Worth church

By Jenny Ashby, gesið

This article first appeared in Wiðowinde #183 (Autumn 2017)

I HAVE KNOWN THE CHURCH OF ST NICHOLAS AT Worth all my life; a painting of its chancel arch by my Dad has always hung in their lounge and I can remember looking at it from babyhood, wondering why he’d painted it. Years later he told me he painted it because it was Saxon and it had inspired him. But I’d never actually visited it. So this January I at last decided to go, a personal odyssey, having discovered that not only was it part of my family’s story but it is also one of England’s finest Saxon churches.

Interior of Worth Church
The interior of Worth Church

When Dad visited Worth years ago, it was a little Sussex village. Nowadays it is part of Crawley New Town, squashed between housing estates to the west, the M23 to the east and Gatwick Airport to the north. Yet it is well-signposted and I found the church first time. Parking Oswald in the little approach lane, I walked through the lych gate and wow! The church is stunningly and unmistakably Saxon, with its pilaster strips all round the outside, its double-headed windows and its apse. I was expecting a flint church, like many churches in Surrey and Sussex, but no, this one is golden. It was a gloriously sunny day and the Wealden sandstone from which the church is constructed just glowed, it looked ethereal. Busily taking loads of photos, whilst trying not to tread on the carpets of snowdrops in the churchyard, I disturbed a fox, who regarded me for a while then trotted off. I reflected that Worth Church is an oasis of Saxon peace in a mad world.
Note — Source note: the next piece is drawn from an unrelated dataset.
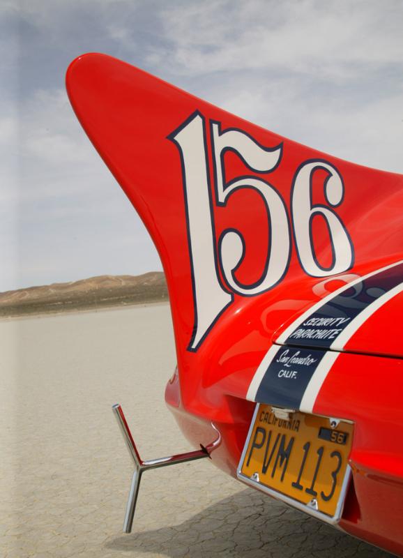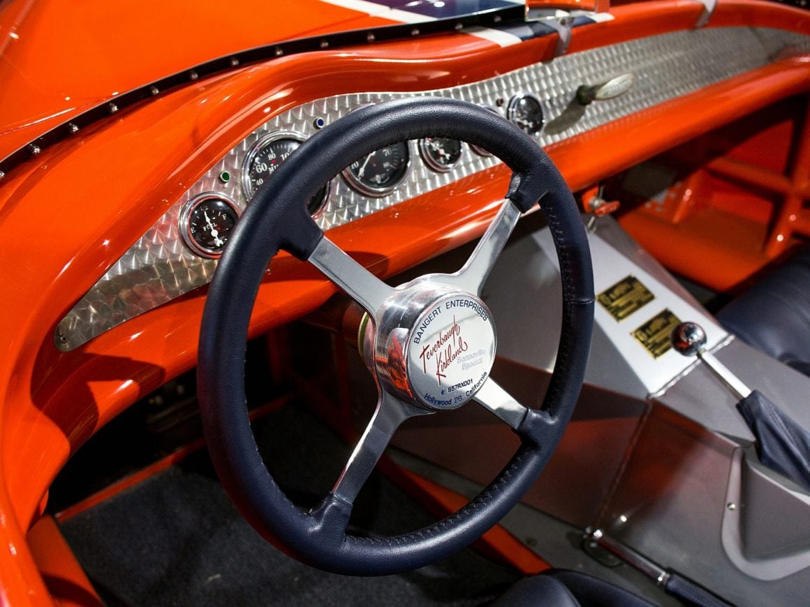 La carrosserie avait été magnifiquement conçue en fibre de verre par l’atelier Bangert Enterprise situé à Hollywood, pour être la plus aérodynamique possible grâce à un mix des sportives d’alors !

Worth is a common Old English place name, usually meaning “enclosure”, but in this case, and in that of Worthing, it comes from the personal name “Wurth”. Worth lay within the Forest of Andredsweald and the church is believed to have been founded by King Edward the Confessor himself, who dedicated it to St Nicholas, Bishop of Myra (died 6th December, 343 AD). Built to a very high standard, Worth Church may have been a minster or perhaps an outpost of Chertsey Abbey, as it was then in Surrey. Held of King Edward by Oswol, after the Conquest it was given by William l to William de Warenne, whose family held it until the middle of the 14th century. It passed to the Fitzalan family (Earls of Arundel) then, in 1415, to the Nevilles.
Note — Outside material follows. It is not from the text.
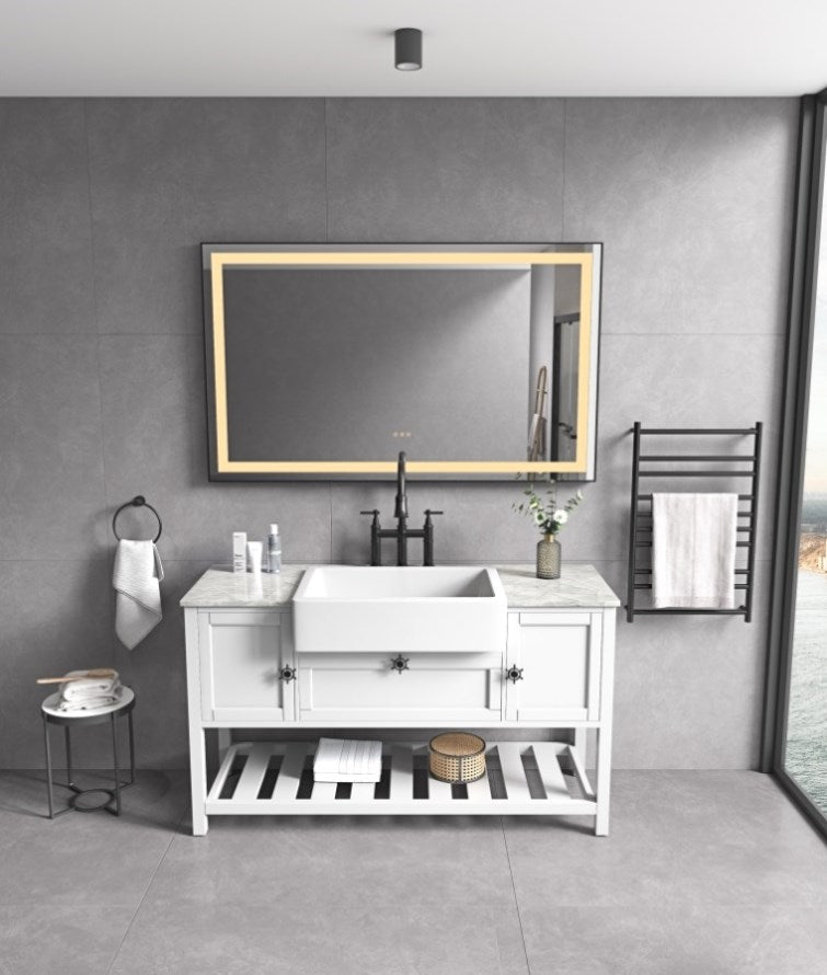 The anti-fog function of the bathroom mirror can quickly remove water vapor on the mirror surface, and no need to wipe the mirror after bathing, and can also maintain a clear view.

The church is cruciform in shape, with an apse at the east end; it has been dated to between 950 and 1050, but possibly earlier which of course would preclude Edward the Confessor being its founder. As it stands today, 99% of the nave walls, the three great internal arches and the two transepts are original Saxon work. It is constructed of coursed rubble (irregular shaped stones laid in lines) which is the commonest fabric used in Anglo-Saxon walling. The nave walls are 2 ft 9 ins or 0.84 m thick; Anglo-Saxon walls are seldom as thick as 3 ft (0.91m) and the average is 2 ft 7 ins (0.76 m).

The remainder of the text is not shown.